PROBer has four usage commands. They are:
prepare
PROBer prepare
extracts transcript sequences, prepares its reference files, and optionally builds Bowtie/Bowtie2 indices. For iCLIP data, you should turn on --genome
option and this command will only build genome indices for aligners. Type PROBer prepare --help
to get its usage information:
usage: PROBer prepare [-h] [--gtf <file> | --gff3 <file>]
[--gff3-RNA-pattern <pattern>]
[--transcript-to-gene-map <file>] [--genome] [--bowtie]
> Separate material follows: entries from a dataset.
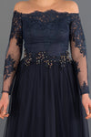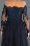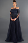 9287 Navy Blue Off-Shoulder Lace Tulle Evening Dress
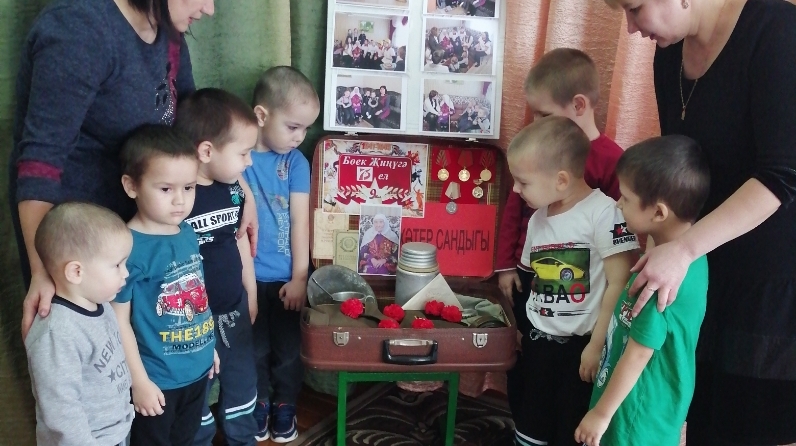 Иске Имән балалар бакчасында да Бөек Җиңүнең 75 еллыгына багышлап почмак ясап куйдык. Легендар Бөек Ватан сугышы ветераныбыз -101 яшьлек Шакирова Мияссәрә Шакир кызына багышлап “Хәтер сандыгы” тутырылды. Балаларны аның эчтәлеге белән таныштырдык. Үзләренә кызыклы булган экспонатларны, медальләрне тотып карадылар.
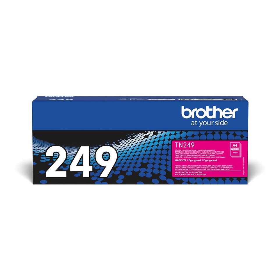La cartouche de toner Brother TN-249M magenta permet d’imprimer jusqu’à 4 000 pages avec une qualité professionnelle, conçue pour répondre aux besoins des utilisateurs exigeants sur les modèles HL-L8240CDW, HL-L8230CDW, MFC-L8340CDW et MFC-L8390CDW.
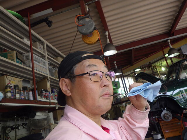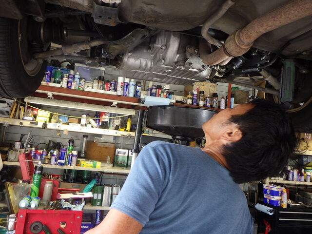「ここのオイル漏れが気になるのよ。」
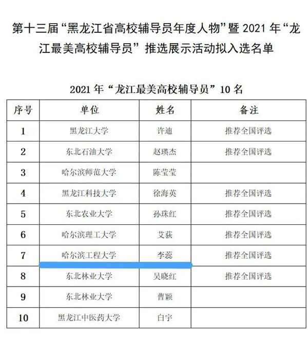 此次活動共評選出“第十三屆黑龍江省高校輔導(dǎo)員年度人物”11名,“2021年龍江最美高校輔導(dǎo)員”10名。哈工程輔導(dǎo)員梁艷艷、李蕊憑借高水平的專業(yè)能力、優(yōu)異的工作業(yè)績以及認(rèn)真負(fù)責(zé)的工作精神,在眾多評選者中脫穎而出。
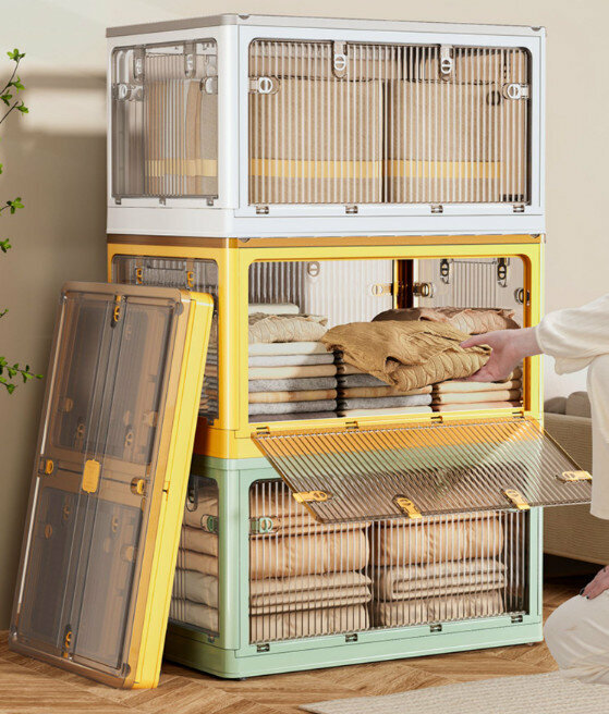 熱推折疊收納箱【茶色-象牙白】【60*42*34cm】【特大號(陞級五面開門/三秒折疊/帶防塵盒滑輪)】

[--bowtie-path <path>] [--bowtie2]
[--bowtie2-path <path>] [-q]
reference_fasta_files reference_name
This program lets PROBer to build its references and optionally build
Bowtie/Bowtie2 indices. For iCLIP data, users can use this program to build
Bowtie/Bowtie2 indices for their genomes
positional arguments:
reference_fasta_file(s)
Either a comma-separated list of Multi-FASTA formatted
files OR a directory name. If a directory name is
specified, This program will read all files with
suffix ".fa" or ".fasta" in this directory. The files
should contain either the sequences of transcripts or
an entire genome, depending on whether the --gtf or
--gff3 option is used.
reference_name The name of the reference used. This program will
generate several reference-related files that are
prefixed by this name. This name can contain path
information (e.g. /ref/mm9).
optional arguments:
-h, --help show this help message and exit
--gtf <file> <file> is in GTF format. This program will assume
reference_fasta_file(s) contains genome sequences and
extract transcript sequences using the gene annotation
specified in <file>. (default: None)
--gff3 <file> <file> is in GFF3 format. This program will assume
reference_fasta_file(s) contains genome sequences and
extract transcript sequences using the gene annotation
specified in <file>. (default: None)
--gff3-RNA-pattern <pattern>
<pattern> is a comma-separated list of transcript
categories, e.g. 'mRNA,rRNA'. Only transcripts that
match the <pattern> will be extracted. (default: mRNA)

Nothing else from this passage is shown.